I will explain the Official Style so you have a better sense of what I am talking about.  The use of it has become overwhelming in modern day society.  While it is easy to spot it is much more difficult to understand.  It is characterized by the text being wordy, indirect, and quite honestly hard to understand.  It seems often as if someone were to open a thesaurus and choose ornate words in a verbose manner to describe a relatively simple concept.  Unfortunately, this style is used quite frequently in contracts and important documents that people would genuinely benefit from understanding.  By writing in the Official Style, some seek to confuse their audience to simply sign a document.  Other times, authors use the style to sound more educated and, well, official.  It was created for the scientific community to sound impersonal and detached.  Don’t get me wrong, the style can be a useful tool to use in certain situations, but one must be able to dissect the meaning out of this passive, complex writing tool if one wants to achieve greatness as a writer.  
The journal that I chose to examine is titled, “Employment Law - Age Discrimination - Seventh Circuit Holds That The ADEA Does Not Preclude § 1983 Equal Protection Claims. Levin v. Madigan, 692 F.3d 607 (7th Cir. 2012).” Yes, the title does seem to scream, “I am complex and difficult to understand!” It has no given author, which is typical of Harvard Law Reviews; it is thought that if you are intelligent enough to be published by Harvard Law you don’t need the satisfaction of seeing your name printed in ink.  I will henceforth be referring to the author as “he” for functionality purposes.  This document can be accessed through the Harvard Law Review database, or at this link: madigan.pdf. According the average grade level is 12.3, the Flesch-Kincaid Reading Ease is 49, and the average words per sentence is 22.2 (analysis based off of one paragraph).  in interpretation of these results, one would presumably need above a high school education to understand the content based upon grammar and word structure.
Levin v. Madigan (2012) was a case in which the remedies for age discrimination were discussed.  Many federal circuit courts held that only the Age Discrimination in Employment Act of 1967 (ADEA) protected state employees.  The Levin court was the first one to declare that disgruntled employees could also seek remedies under the Equal Protection Clause § 1983 (in law, the symbol “§” stands for section).  As mentioned before, Harvard Law Reviews are written as a research tool for practicing lawyers and students of law.

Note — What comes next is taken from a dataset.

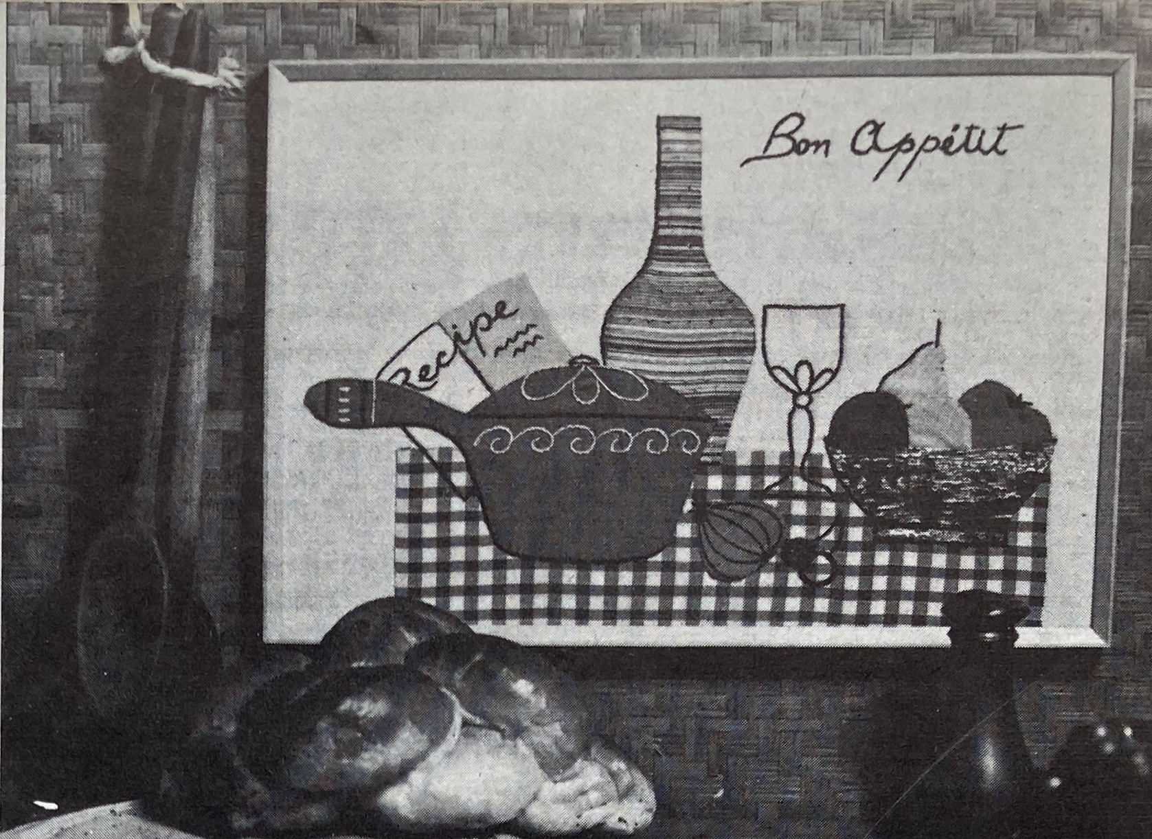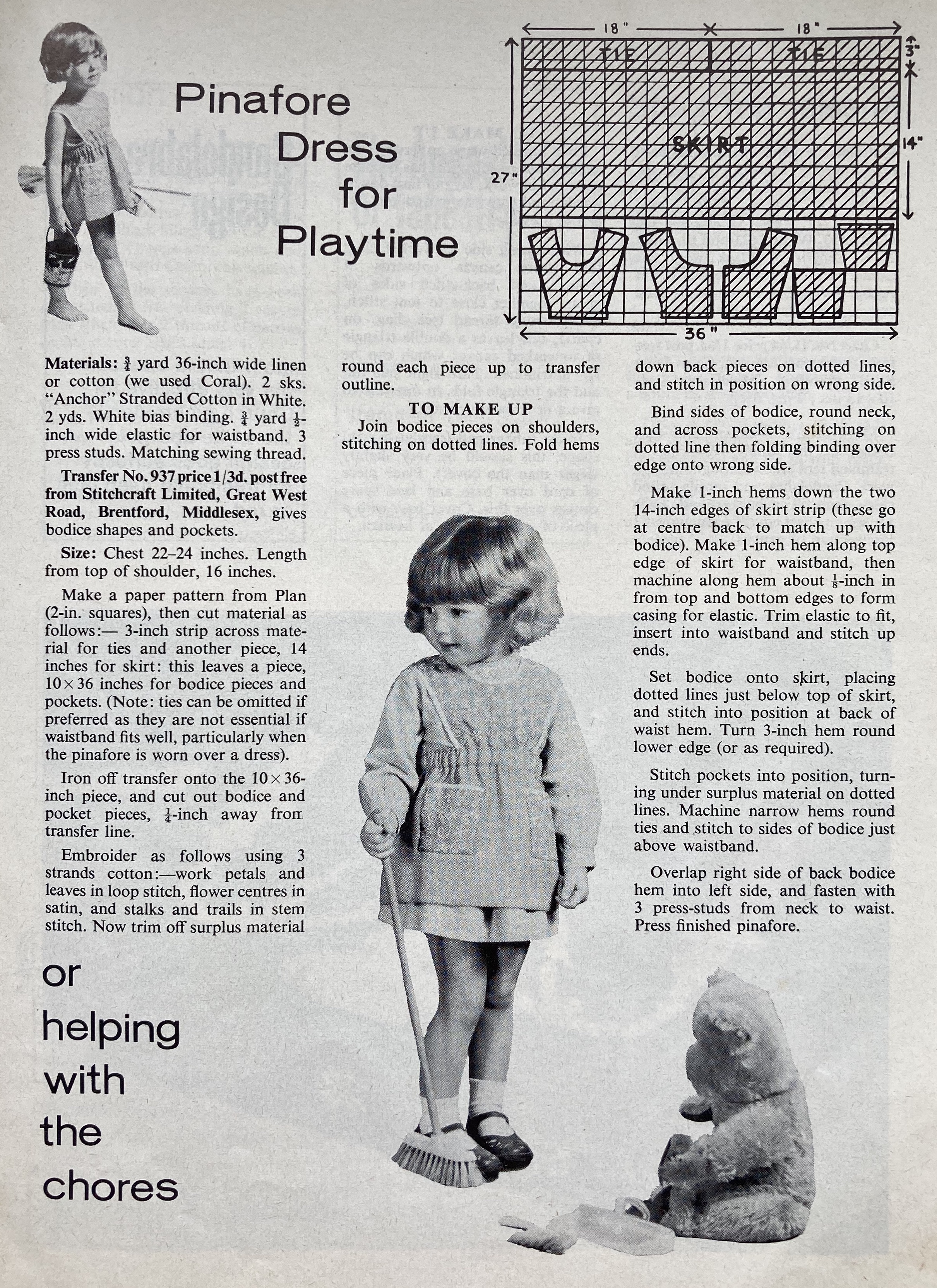 … and an appliquéd wall picture with a “kitchen”-themed design. Do I have terrible taste if I admit that I love this wall hanging? It’s utterly kitschy and very 1960s! There’s a little sewing design as well, for a child’s pinafore smock… “for playtime or helping with the chores.” Beware, little girl, that feminine look comes with its own designated activities.

The activity system of this document does not appear to be overtly large.  Not many people besides lawyers and students tend to access law reviews.  Employers may perhaps stumble upon this particular one when looking at what type of litigation they must be mindful of when in the hiring, firing, or promoting process of either young people or the elderly.  Disgruntled workers may also access it when considering the possibility of hiring a lawyer to represent them in a case and trying to determine how much material they would have on their side.  Even so, it is presumably safe for the author to assume that the audience would have some form of higher education and a sense of the legal system.  With that being said, I believe he made one exceptional error.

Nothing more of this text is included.